I knew C# well at the time, maybe not the best out of the languages I know,
but well enough to hit the ground running. And I knew with MVC3, I would be
running in no time. Visual Studio is an awesome environment IF you have a fast
PC. I have a fast PC. LINQ, and LINQ to SQL, is incredibly powerful. I can
drastically alter my SQL DB, and have my ORM code auto-generated immediately.

Out of the box, .Net takes care of a lot of the detail. I can optimise this
detail later if I need to (I hope).

With the aim of this code being maintainable, and having hated maintaining a
large python code-base before, I wanted to use a statically typed language.

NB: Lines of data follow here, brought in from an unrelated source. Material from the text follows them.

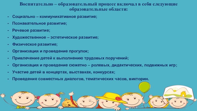 Слайд 4Воспитательно – образовательный процесс включал в себя следующие образовательные области:
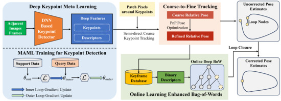 To address the aforementioned challenges, we propose DK-SLAM, a novel deep keypoint-based SLAM system that incorporates deep keypoint extraction through meta-learning, coarse-to-fine feature tracking, and an efficient online learning-based loop closing. Our DK-SLAM employs an enhanced Model-Agnostic Meta-Learning (MAML) strategy to extract robust deep local features, improving the system’s ability to perform feature extraction in diverse and dynamic environments. This meta-learning strategy enables our DK-SLAM system to adapt to diverse conditions without the need for additional training during deployment, thereby enhancing its applicability in real-world scenarios. Additionally, we introduce a novel feature matching strategy tailored for deep learned keypoints. This strategy involves a two-stage process: initial estimation of relative poses using patch photometric loss optimization, followed by refinement through 3D–2D relationships, resulting in improved matching accuracy and robustness. Furthermore, to enable a more effective and efficient loop closing, we propose an online learning-based Bag-of-Words (BoW) model. Our model compresses learned features into binary descriptors and utilizes images from previous timesteps within an online learning framework. It constructs a dynamic tree structure for Bag-of-Words, facilitating loop closure detection in new environments.
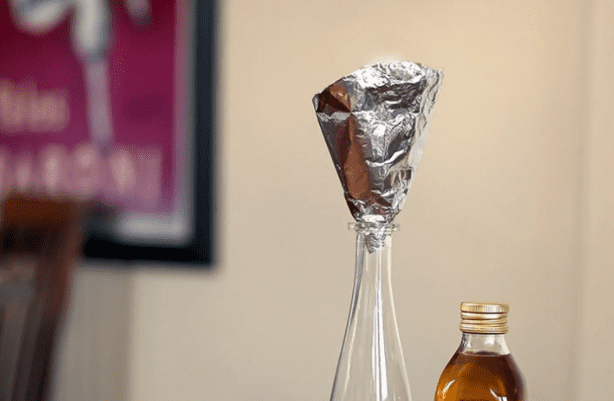 Bila beli minyak paket, satu benda yang paling susah nak buat adalah untuk memindahkan minyak daripada paket ke dalam botol. Kalau tangan tergerak sedikit je mesti akan tertumpah. Sebab tu lebih senang kalau guna corong. Tapi kalau dekat dapur tak ada corong, korang boleh gantikan dengan aluminium foil yang dibentuk seperti corong. Pastikan setiap lipatan dikelim dengan cermat supaya tak bocor.
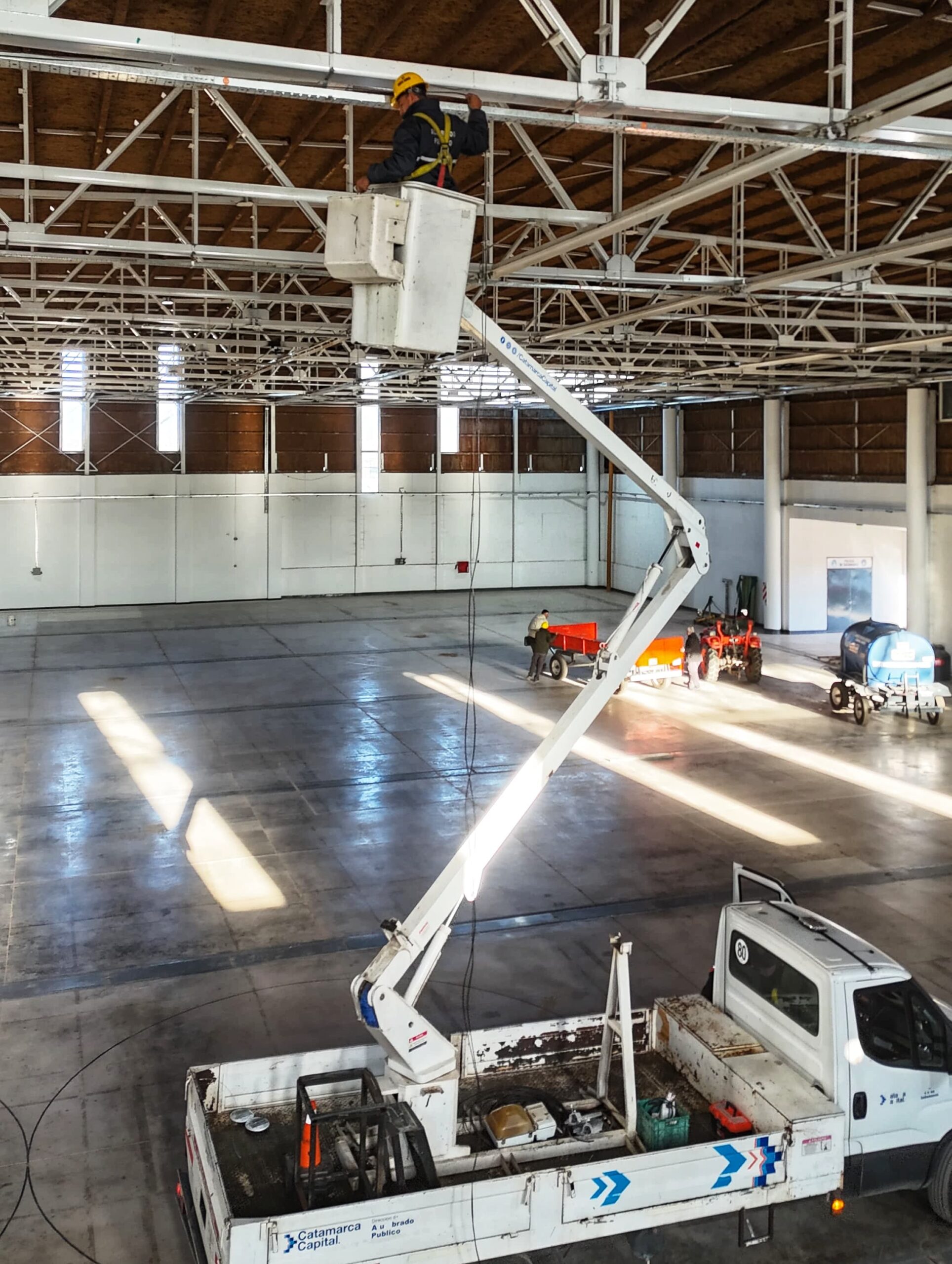 Un equipo de trabajo de la Secretaría de Modernización perteneciente al Ministerio de Hacienda y Obra Pública trabaja en el refuerzo de los sistemas de conectividad para los distintos pabellones del Predio Ferial Catamarca, que se prepara para albergar la Fiesta Nacional e Internacional del Poncho en el mes de julio.
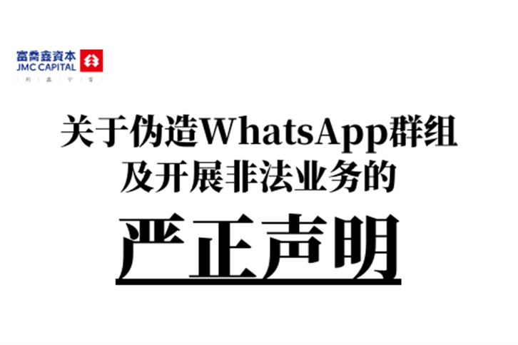 Hereby, we solemnly declare that our company has never entered a brand sharing cooperation with any company, institution or individual to publish corporate promotional videos/articles/investment ideas on the WhatsApp public platform, nor has we provided authorization or recognition services for the brand use of "JMC" and "JMC Capital". Please be aware that we are not affiliated with these fake corporate posters/videos/articles, and we strongly recommend that you do not share any personal or financial information through them or engage in any transactions with them. Any fake online platforms, online groups and Internet platforms that are not officially verified by JMC accounts and remarks are illegal. We have filed an infringement complaint and may take legal measures against the above-mentioned illegal acts.

Importantly, I knew .Net was going to be scalable when I needed it be
(stackoverflow.com as an example).

How is it going?

Very well. But I've not launched yet. I have no regrets, and think C# is an
amazing language to work with.

I would generally consider myself language agnostic, so whilst the decision
was hard, I was confident it wouldn't matter too much in the end. Hopefully
that will remain the case, but you never know what's around the corner...!

------
baggachipz
"It seems as though the whole philosophy of .NET centres on catering to the
novice... .NET, and specifically C#, both coddles you and then scolds you at
every turn."

Perfect summary and exactly how I feel about .NET.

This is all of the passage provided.